BEGIN

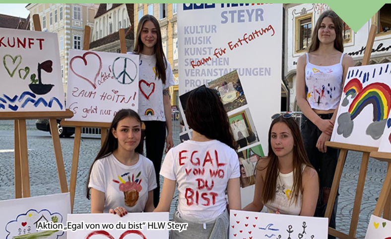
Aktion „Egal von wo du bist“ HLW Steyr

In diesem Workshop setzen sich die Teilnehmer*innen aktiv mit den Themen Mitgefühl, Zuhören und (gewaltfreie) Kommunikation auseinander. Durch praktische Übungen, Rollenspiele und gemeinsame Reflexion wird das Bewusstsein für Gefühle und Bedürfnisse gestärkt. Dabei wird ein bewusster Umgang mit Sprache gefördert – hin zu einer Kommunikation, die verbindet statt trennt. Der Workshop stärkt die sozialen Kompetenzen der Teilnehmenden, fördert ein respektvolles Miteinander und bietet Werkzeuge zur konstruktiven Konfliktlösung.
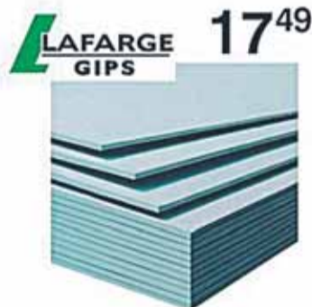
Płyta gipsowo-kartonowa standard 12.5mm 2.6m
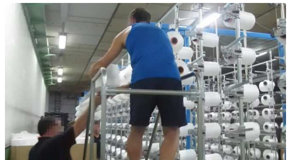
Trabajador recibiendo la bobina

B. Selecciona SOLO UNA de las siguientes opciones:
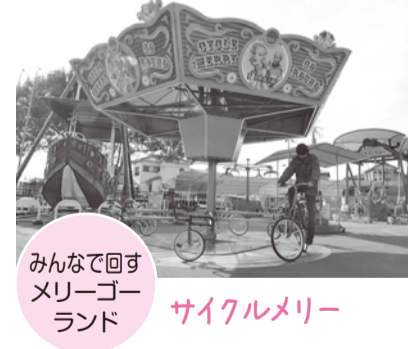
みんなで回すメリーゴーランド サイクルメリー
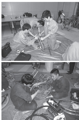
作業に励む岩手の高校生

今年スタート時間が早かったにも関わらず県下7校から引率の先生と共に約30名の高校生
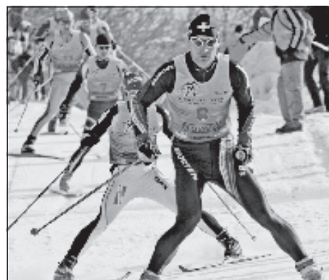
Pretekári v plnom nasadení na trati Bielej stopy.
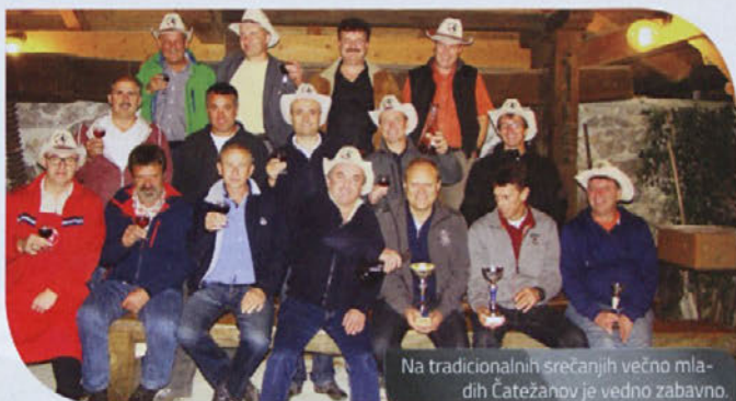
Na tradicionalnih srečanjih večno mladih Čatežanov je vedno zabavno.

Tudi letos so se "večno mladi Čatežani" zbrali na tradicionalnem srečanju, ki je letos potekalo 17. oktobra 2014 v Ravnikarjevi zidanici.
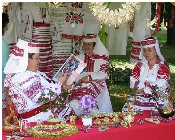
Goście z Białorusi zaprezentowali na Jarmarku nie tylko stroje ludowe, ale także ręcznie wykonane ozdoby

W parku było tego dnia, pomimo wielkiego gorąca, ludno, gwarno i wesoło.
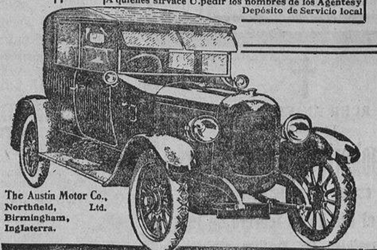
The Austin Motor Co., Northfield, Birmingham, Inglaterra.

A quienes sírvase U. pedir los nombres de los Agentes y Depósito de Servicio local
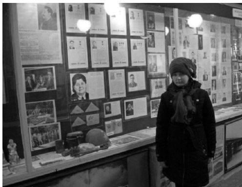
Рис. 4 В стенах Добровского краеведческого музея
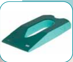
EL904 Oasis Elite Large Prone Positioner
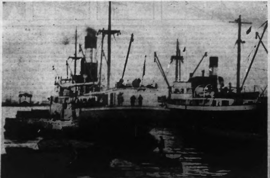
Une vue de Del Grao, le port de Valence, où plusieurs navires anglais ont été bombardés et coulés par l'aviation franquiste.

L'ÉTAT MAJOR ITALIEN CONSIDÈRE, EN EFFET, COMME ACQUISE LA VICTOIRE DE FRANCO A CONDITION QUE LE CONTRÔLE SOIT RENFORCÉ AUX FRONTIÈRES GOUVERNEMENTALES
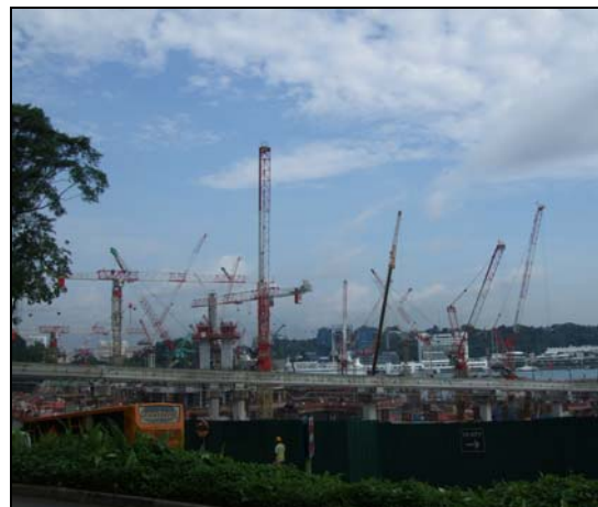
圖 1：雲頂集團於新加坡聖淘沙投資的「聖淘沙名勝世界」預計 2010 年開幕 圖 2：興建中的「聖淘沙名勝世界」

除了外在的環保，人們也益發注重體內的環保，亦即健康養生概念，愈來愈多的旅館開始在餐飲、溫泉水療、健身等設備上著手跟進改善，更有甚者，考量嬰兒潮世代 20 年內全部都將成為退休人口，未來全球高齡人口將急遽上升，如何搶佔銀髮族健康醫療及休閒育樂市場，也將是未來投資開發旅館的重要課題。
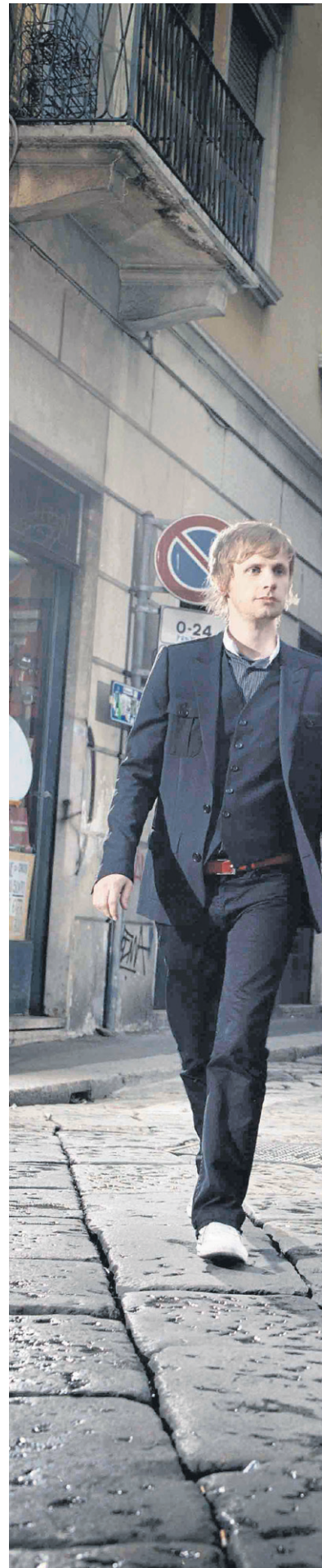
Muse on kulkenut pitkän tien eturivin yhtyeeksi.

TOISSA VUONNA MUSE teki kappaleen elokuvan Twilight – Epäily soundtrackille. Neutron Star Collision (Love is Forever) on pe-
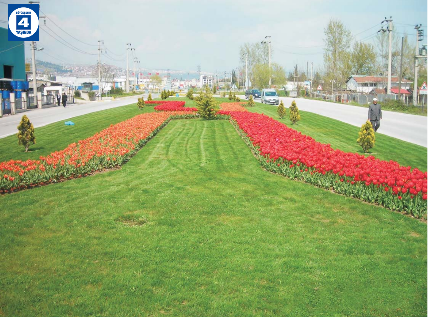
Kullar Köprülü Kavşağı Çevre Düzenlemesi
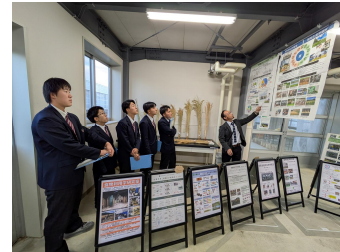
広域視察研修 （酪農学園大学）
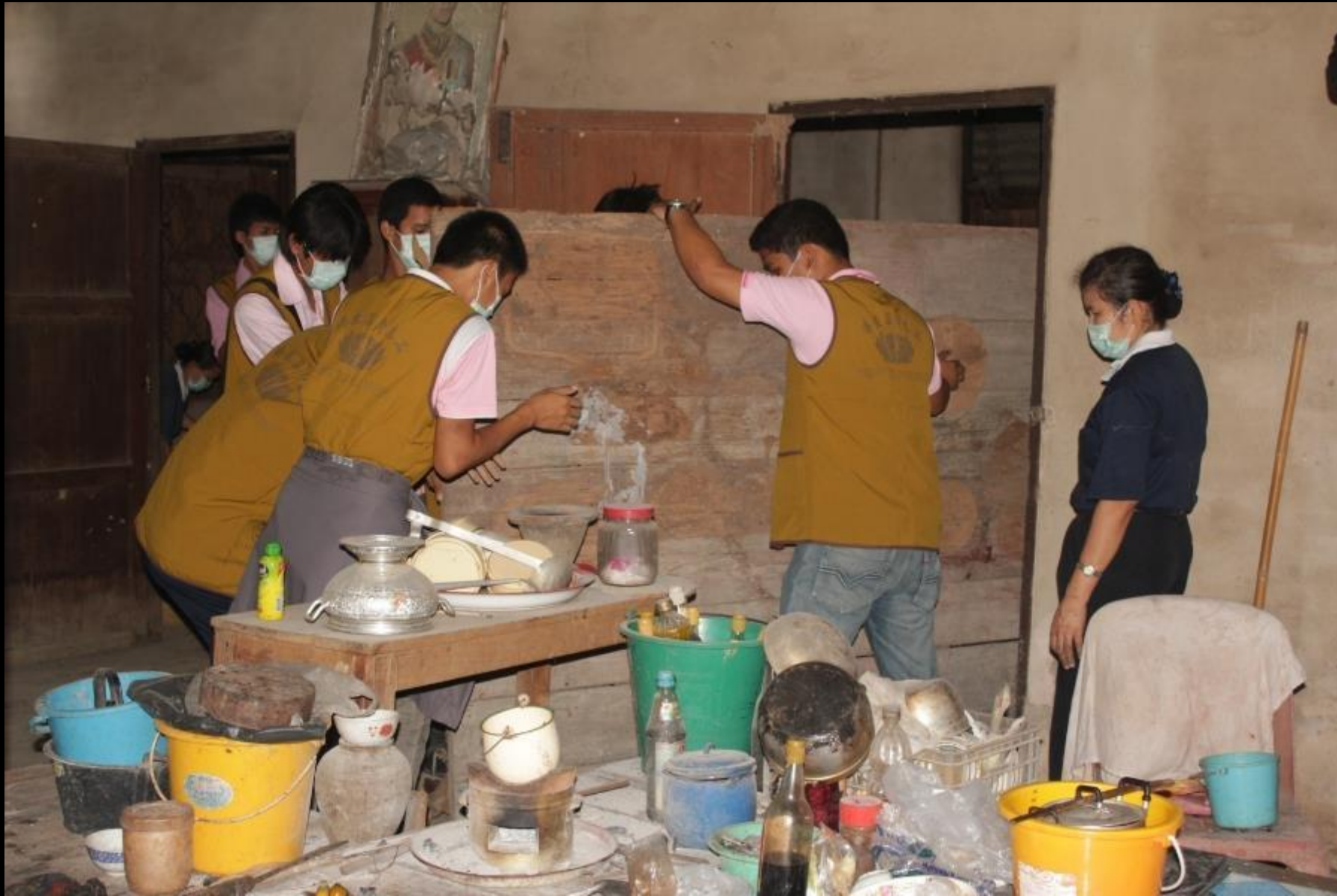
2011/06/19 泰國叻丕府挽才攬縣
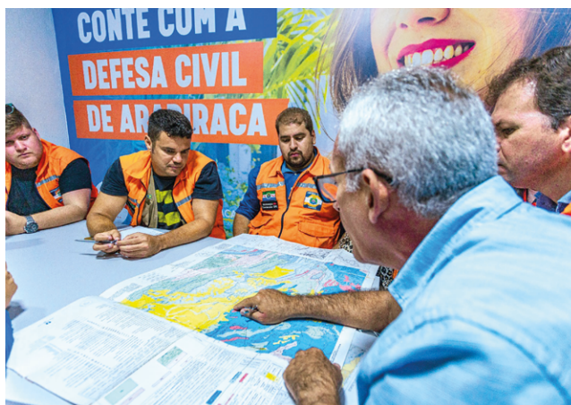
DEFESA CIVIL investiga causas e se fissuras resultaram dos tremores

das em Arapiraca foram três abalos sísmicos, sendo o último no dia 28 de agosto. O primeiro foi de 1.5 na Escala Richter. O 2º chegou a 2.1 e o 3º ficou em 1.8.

END
BEGIN

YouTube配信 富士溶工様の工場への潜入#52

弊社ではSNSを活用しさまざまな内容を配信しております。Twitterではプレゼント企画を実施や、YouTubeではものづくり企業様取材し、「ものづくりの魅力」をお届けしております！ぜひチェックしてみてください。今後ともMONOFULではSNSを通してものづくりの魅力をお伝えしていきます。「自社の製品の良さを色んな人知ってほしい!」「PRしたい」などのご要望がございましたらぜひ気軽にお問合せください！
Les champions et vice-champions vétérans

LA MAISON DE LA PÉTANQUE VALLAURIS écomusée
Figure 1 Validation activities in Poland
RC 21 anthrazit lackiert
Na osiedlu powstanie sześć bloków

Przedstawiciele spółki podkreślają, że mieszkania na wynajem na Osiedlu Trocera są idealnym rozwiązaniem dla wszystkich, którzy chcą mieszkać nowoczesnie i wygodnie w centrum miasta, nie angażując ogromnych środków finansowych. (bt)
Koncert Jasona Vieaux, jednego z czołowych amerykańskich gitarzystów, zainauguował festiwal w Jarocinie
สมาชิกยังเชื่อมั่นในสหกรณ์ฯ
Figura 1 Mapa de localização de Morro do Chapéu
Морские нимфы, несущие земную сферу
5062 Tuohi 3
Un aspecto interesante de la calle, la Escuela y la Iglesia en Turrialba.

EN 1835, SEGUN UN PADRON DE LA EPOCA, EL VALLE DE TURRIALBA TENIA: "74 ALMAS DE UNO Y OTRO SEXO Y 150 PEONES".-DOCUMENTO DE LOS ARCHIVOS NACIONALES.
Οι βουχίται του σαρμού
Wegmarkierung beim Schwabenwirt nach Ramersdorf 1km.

END

Skipping every picture, transcribe exactly the lines above from the one containing "みんなで回すメリーゴーランド サイクルメリー" through the one containing "Kullar Köprülü Kavşağı Çevre Düzenlemesi", both included.

### [Solution]
みんなで回すメリーゴーランド サイクルメリー
作業に励む岩手の高校生

今年スタート時間が早かったにも関わらず県下7校から引率の先生と共に約30名の高校生
Pretekári v plnom nasadení na trati Bielej stopy.
Na tradicionalnih srečanjih večno mladih Čatežanov je vedno zabavno.

Tudi letos so se "večno mladi Čatežani" zbrali na tradicionalnem srečanju, ki je letos potekalo 17. oktobra 2014 v Ravnikarjevi zidanici.
Goście z Białorusi zaprezentowali na Jarmarku nie tylko stroje ludowe, ale także ręcznie wykonane ozdoby

W parku było tego dnia, pomimo wielkiego gorąca, ludno, gwarno i wesoło.
The Austin Motor Co., Northfield, Birmingham, Inglaterra.

A quienes sírvase U. pedir los nombres de los Agentes y Depósito de Servicio local
Рис. 4 В стенах Добровского краеведческого музея
EL904 Oasis Elite Large Prone Positioner
Une vue de Del Grao, le port de Valence, où plusieurs navires anglais ont été bombardés et coulés par l'aviation franquiste.

L'ÉTAT MAJOR ITALIEN CONSIDÈRE, EN EFFET, COMME ACQUISE LA VICTOIRE DE FRANCO A CONDITION QUE LE CONTRÔLE SOIT RENFORCÉ AUX FRONTIÈRES GOUVERNEMENTALES
圖 1：雲頂集團於新加坡聖淘沙投資的「聖淘沙名勝世界」預計 2010 年開幕 圖 2：興建中的「聖淘沙名勝世界」

除了外在的環保，人們也益發注重體內的環保，亦即健康養生概念，愈來愈多的旅館開始在餐飲、溫泉水療、健身等設備上著手跟進改善，更有甚者，考量嬰兒潮世代 20 年內全部都將成為退休人口，未來全球高齡人口將急遽上升，如何搶佔銀髮族健康醫療及休閒育樂市場，也將是未來投資開發旅館的重要課題。
Muse on kulkenut pitkän tien eturivin yhtyeeksi.

TOISSA VUONNA MUSE teki kappaleen elokuvan Twilight – Epäily soundtrackille. Neutron Star Collision (Love is Forever) on pe-
Kullar Köprülü Kavşağı Çevre Düzenlemesi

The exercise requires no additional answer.